(Saved data entries)
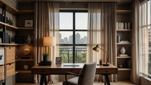 office, home, desk, chair, window, city, view, modern, wooden, shelf, book, lamp, light, curtain, room, interior, design, workspace, apartment, building, study, work, space, comfortable, stylish, elegant, contemporary, minimalist, neutral, sophisticated, calm, peaceful, serene, cosy, relaxing, organised, clean, bright, airy, roomy, lifestyle, luxury, architecture, decor
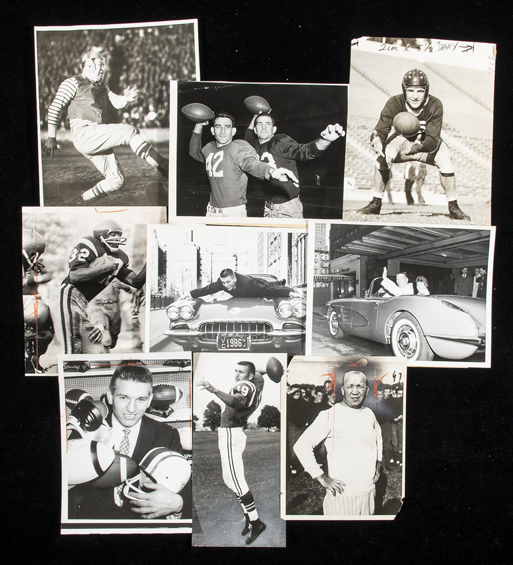 Description: Lot of (12) vintage football related photographs c.1930-70s. Sizes range from 6"x8" to 8"x10". Subjects include Lombardi, several J. Unitas, Jim Brown, O.J. Simpson, and Knute Rockne. Various news service stampings on the back with varying degrees of light to moderate surface wear on front: Range GD-VG/EX
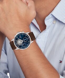 Introducing the men’s watch that transcends timekeeping to become an elevated masterpiece inspired by the dynamic pulse of the city. This metropolitan inspired timepiece features a Dimensional multi layer dial with a textured and sunray finish, CD cut sub eyes and TH branding elements throughout. Multifunction and offered in a bracelet or leather strap.
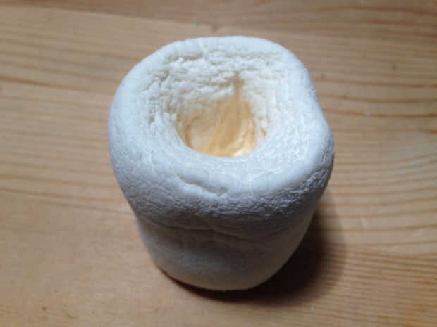 El staler el malvavisco (a un punto), más fácil es hacer esto sin levantarse la estructura pegajosa en su aguja de tejer. Si tienes problemas con que se pega el malvavisco, empuje la aguja de tejer en un palo de mantequilla y luego suavemente torcedores topes lo mientras empujas en el malvavisco. No pegan en absoluto.
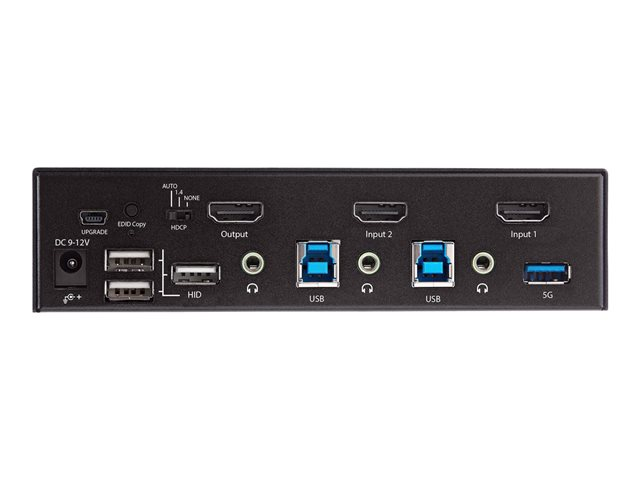 StarTech.com 2 Port HDMI KVM Switch, Single Monitor 4K 60Hz Ultra HD HDR, Desktop HDMI 2.0 KVM Switch with 2 Port USB 3.0 Hub (5Gbps) & 4x USB 2.0 HID Ports, Audio, Hotkey Switching, TAA - KVM with Fast Switching - KVM / lydsvitsj - 2 x KVM/lyd - 1 lokalbruker - stasjonær, rackmonterbar - TAA-samsvar

ACTIVITY>
Please transcribe exactly the lines from the one containing "El staler el" through the last line of the records above, both included, and leave out every picture.

PROBLEM SOLUTION>
 El staler el malvavisco (a un punto), más fácil es hacer esto sin levantarse la estructura pegajosa en su aguja de tejer. Si tienes problemas con que se pega el malvavisco, empuje la aguja de tejer en un palo de mantequilla y luego suavemente torcedores topes lo mientras empujas en el malvavisco. No pegan en absoluto.
 StarTech.com 2 Port HDMI KVM Switch, Single Monitor 4K 60Hz Ultra HD HDR, Desktop HDMI 2.0 KVM Switch with 2 Port USB 3.0 Hub (5Gbps) & 4x USB 2.0 HID Ports, Audio, Hotkey Switching, TAA - KVM with Fast Switching - KVM / lydsvitsj - 2 x KVM/lyd - 1 lokalbruker - stasjonær, rackmonterbar - TAA-samsvar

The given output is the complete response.